Activity.
Lines outside the range are not wanted. Give again exactly the lines between the line holding "troll,boleh je, tapi" and the line holding "Northgate, (ward) includes", inclusive, from the listing below.

Data section.
━━━━━━━━━━━━━━━━━━━━━━━━━━━━━━
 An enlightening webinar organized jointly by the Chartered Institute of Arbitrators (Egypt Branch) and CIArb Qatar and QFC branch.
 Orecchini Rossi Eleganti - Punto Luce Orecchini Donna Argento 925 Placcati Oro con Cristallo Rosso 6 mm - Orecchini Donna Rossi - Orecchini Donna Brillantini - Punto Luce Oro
━━━━━━━━━━━━━━━━━━━━━━━━━━━━━━
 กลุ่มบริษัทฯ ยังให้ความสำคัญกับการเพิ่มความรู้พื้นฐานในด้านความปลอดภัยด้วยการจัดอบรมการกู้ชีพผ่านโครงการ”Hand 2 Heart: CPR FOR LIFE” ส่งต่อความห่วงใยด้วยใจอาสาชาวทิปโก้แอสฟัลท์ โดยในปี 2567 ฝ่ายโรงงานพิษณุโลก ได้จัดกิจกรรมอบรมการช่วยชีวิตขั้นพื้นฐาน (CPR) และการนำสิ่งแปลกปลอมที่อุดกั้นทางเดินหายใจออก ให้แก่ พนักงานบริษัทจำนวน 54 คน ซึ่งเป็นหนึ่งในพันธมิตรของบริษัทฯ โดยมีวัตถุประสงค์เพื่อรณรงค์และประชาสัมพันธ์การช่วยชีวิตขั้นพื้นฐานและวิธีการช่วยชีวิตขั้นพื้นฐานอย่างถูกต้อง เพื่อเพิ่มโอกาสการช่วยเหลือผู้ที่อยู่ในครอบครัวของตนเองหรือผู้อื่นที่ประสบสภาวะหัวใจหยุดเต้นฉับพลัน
━━━━━━━━━━━━━━━━━━━━━━━━━━━━━━
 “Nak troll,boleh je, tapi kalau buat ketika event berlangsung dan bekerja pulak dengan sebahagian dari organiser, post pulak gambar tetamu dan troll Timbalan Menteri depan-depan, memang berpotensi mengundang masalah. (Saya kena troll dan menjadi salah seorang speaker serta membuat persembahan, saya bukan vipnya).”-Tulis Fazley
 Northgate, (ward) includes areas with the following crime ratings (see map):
━━━━━━━━━━━━━━━━━━━━━━━━━━━━━━
Response to the exercise.
 “Nak troll,boleh je, tapi kalau buat ketika event berlangsung dan bekerja pulak dengan sebahagian dari organiser, post pulak gambar tetamu dan troll Timbalan Menteri depan-depan, memang berpotensi mengundang masalah. (Saya kena troll dan menjadi salah seorang speaker serta membuat persembahan, saya bukan vipnya).”-Tulis Fazley
 Northgate, (ward) includes areas with the following crime ratings (see map):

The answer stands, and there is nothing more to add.